I cried once when my mum died and that was when I was calling her brother who, it turned out, didn't give a fuck, but when I arrived at Heathrow Airport to fly to my dad's funeral, I cried every time I spoke to someone.  Check in, security, boarding, stewardesses - I was broken.  Why?

I had not prepared myself but there was something worse: there was unfinished business.

I had no unfinished business with my mum.  Of course I loved her but in her latter days she was a physical mess. Stick thin, unable to walk or go out because of the damage smoking had done to her legs and it was not always good to visit her.  She was in residential care too, a nice place but the whole place, inevitably, stunk of piss.

It turned out that my dad, who never told me how much he loved me, or not loudly enough so I heard, loved me a lot.  He adored my family and was incredibly proud of them.

He loved his grandchildren to bits and they loved him.  And it was all gone.

If I could have one dead relative back it would be my dad.  Not because I loved him more than anyone else, but because I never really knew him until late on in his life.

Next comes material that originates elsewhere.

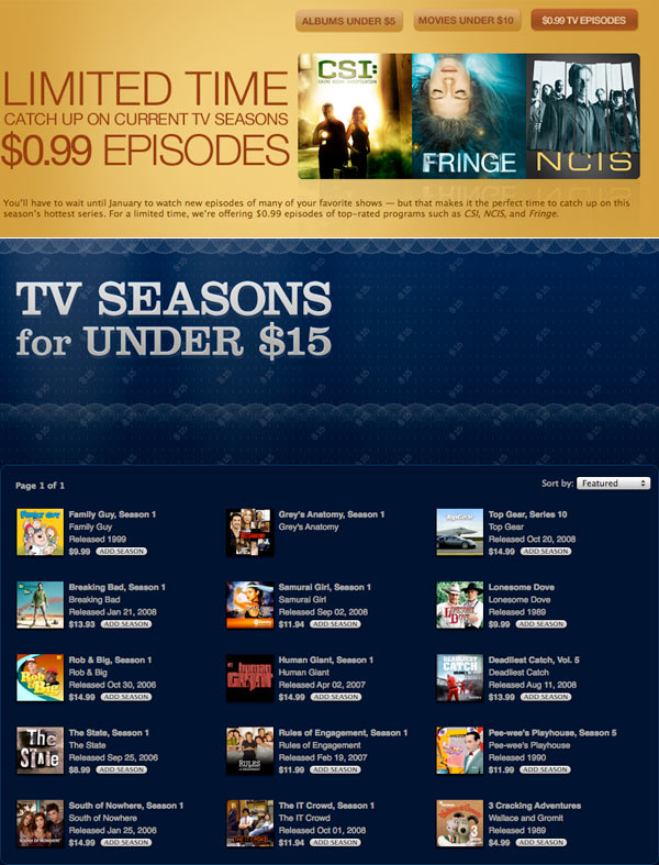 Sono anche disponibili intere stagioni ad un prezzo ridotto inferiore di 15 dollari, troviamo 15 titoli nel listino speciale, citiamo solo "Family guy", "Grey's anatomy" e "Top gear".

Anyway, he's not coming back and he hasn't survived his own death to go to heaven, so that part of me is gone forever.

It's a strange thing about life that at one time you are the youngest of the brood and another time you are the oldest.

I don't miss my mum and dad every day and I'm not sure if I even think of them every day either.

I wish they were still here to answer the many questions I never got round to asking but now there's no one who can do that.